When NOT to use KONE Parts View (the honest truth)
There are exceptions. For example:
- Non-critical, non-mechanical parts: Simple plastic covers or standard fasteners? Generic is fine. The compatibility risk is near zero.
- Urgent, off-the-shelf items: If a part is a standard industrial component (like a specific screw or gasket), a local hardware store can be faster and cheaper.
- Very small quantities: If you need just 2 units of a part that costs $800, the TCO analysis might still favor OEM. But if you need 100 units of a simple $5 part, generic is probably better.
The key is to draw a line.

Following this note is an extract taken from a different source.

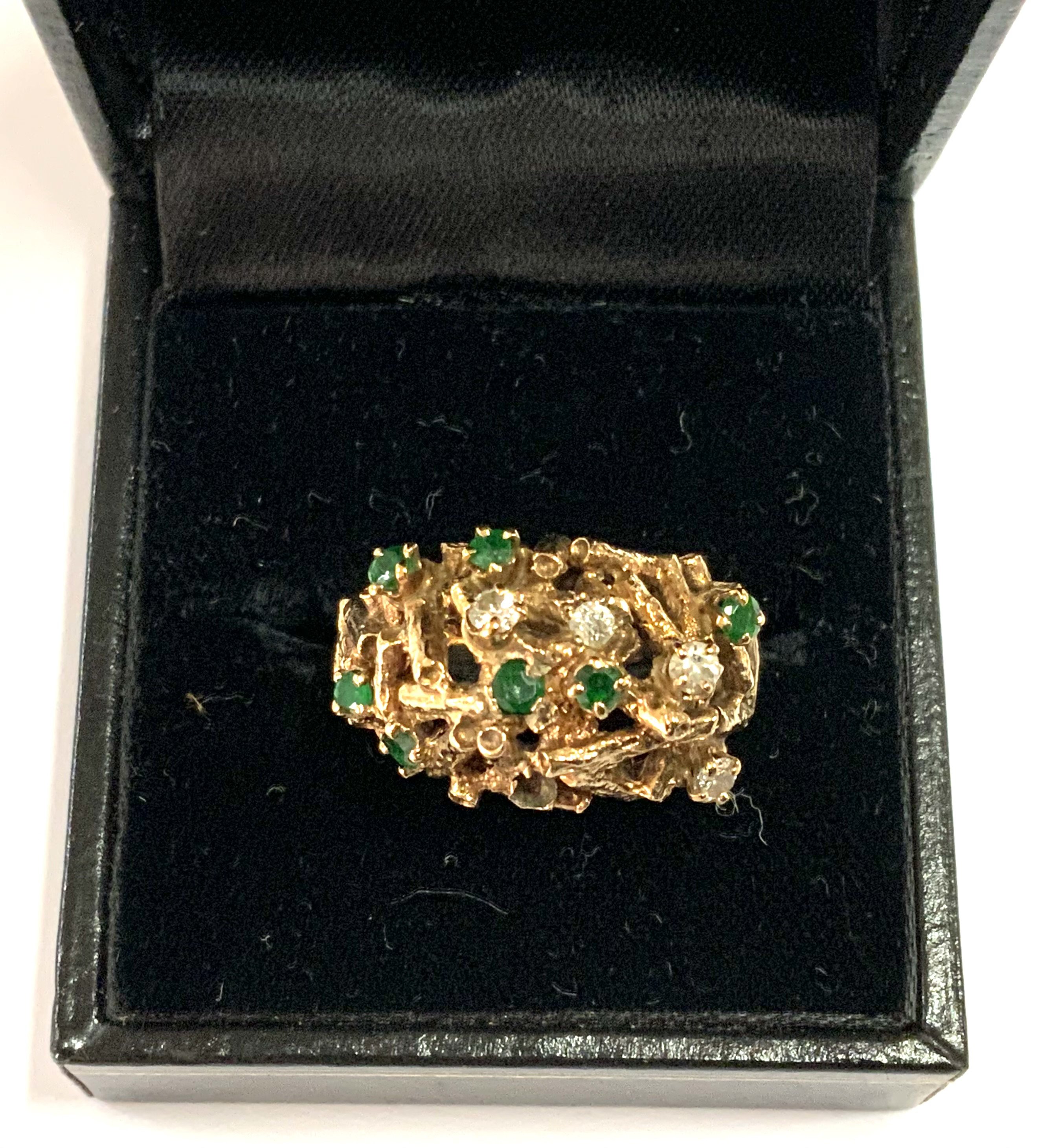 A 1970s cluster design 9ct gold emerald and diamond ring, 7.34g, Size N.5 (A) (1 stone missing).

As of Q4 2024, my rule of thumb is: If the part is critical to safety or warranty, use KONE Parts View. If the generic alternative is more than 30% cheaper and the part is non-critical, we run a faster TCO check. This isn't a perfect system, but it cut our annual 'generic sourcing regret' budget from $4,200 to under $500.
I learned this approach over several expensive mistakes. Take it from someone who once thought they were 'saving' money: the lowest quoted price is rarely the lowest total cost.